Andred of Albans wrote:I would very much like to see someone start a campfire at the next BBQ by saying, "okay, I cast a fireball at the log in the fire pit" :lol:
Yeah some real world Elijah action would be pretty cool to see. :)
Andred of Albans wrote:Most "spells" in real world occultism are long, drawn out rituals that require extensive preparation and achieve rather subtle results (e.g. one "finds" treasure, wins a lawsuit, gains influence, etc.). D&D spells are quick, easy to do and have dramatic results (e.g. a fireball toasts the orcs, a magic missile takes out the hobgoblin shaman, a character can fly over a chasm, etc.)
Yeah it is rather interesting about that (at least in my passing familiarity with it), it seems that real world occultism magic matches the Conan/sword & sorcery type magic at least in terms of ritual and length. In From a scripture perspective, one example that stands out is the King of Moab in 2 Kings. He's getting is destroyed by the Israelite army, and as a last ditch effort, sacrifices his oldest son - as a burnt offering. This sacrifice causes a great wrath to come against Israel.
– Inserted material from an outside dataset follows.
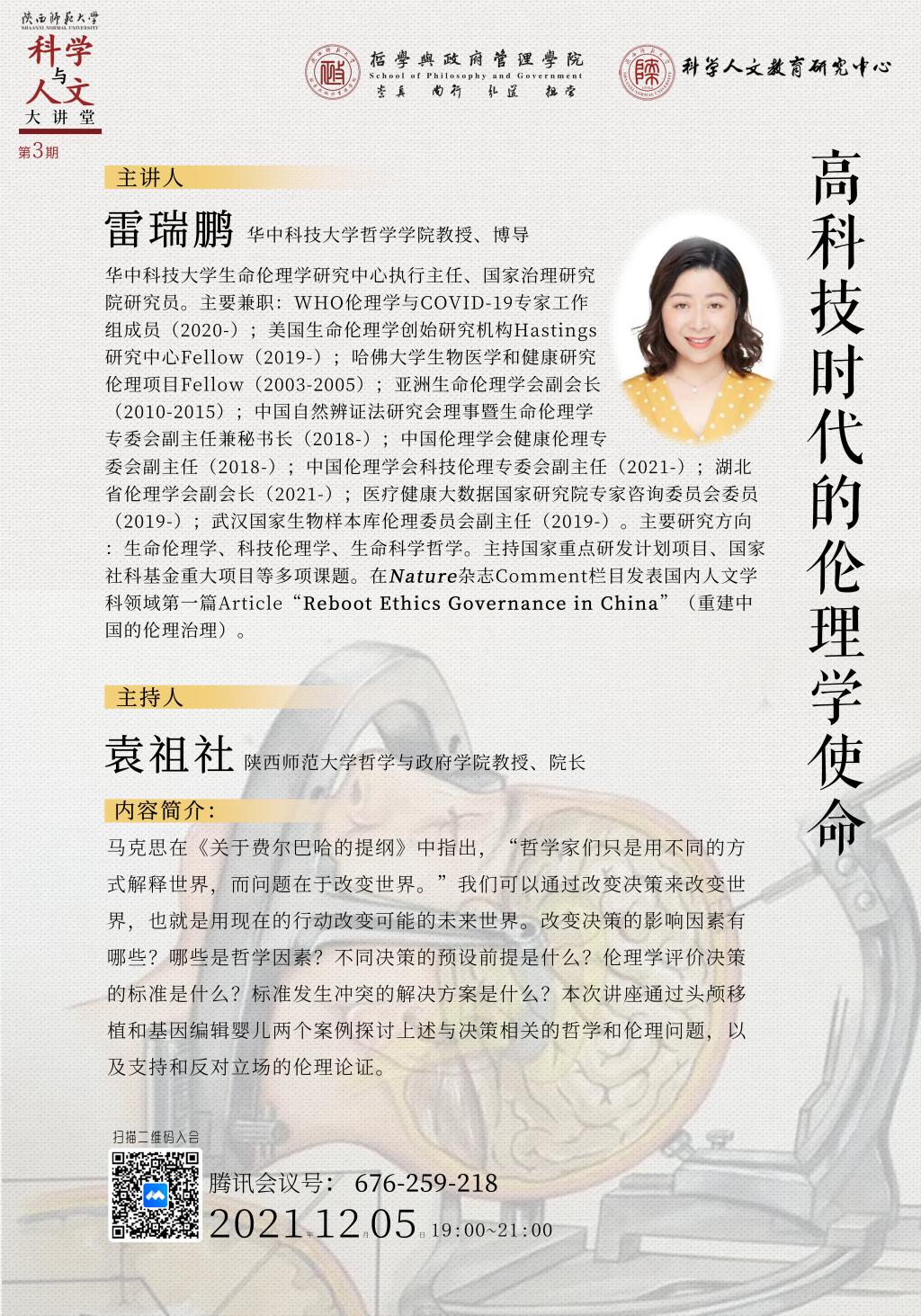 科学与人文大讲堂(第3期):高科技时代的伦理学使命

Exodus shows us Pharaoh's magician matching some of Moses supernatural stuff (the sticks to snakes and the water into blood), which comes across like D&D spells - quick, easy to do and dramatic results. Though I don't know if it was a rapidly accomplished as Moses demonstrated. But it appears to be just as rapid, and was enough for Pharaoh to scoff at Moses.

I haven't played that much D&D 4e, but it seems like they wanted to bring in a Sword & Sorcery element with the rituals which took longer and seemed to be used as more of a cut scene type thing.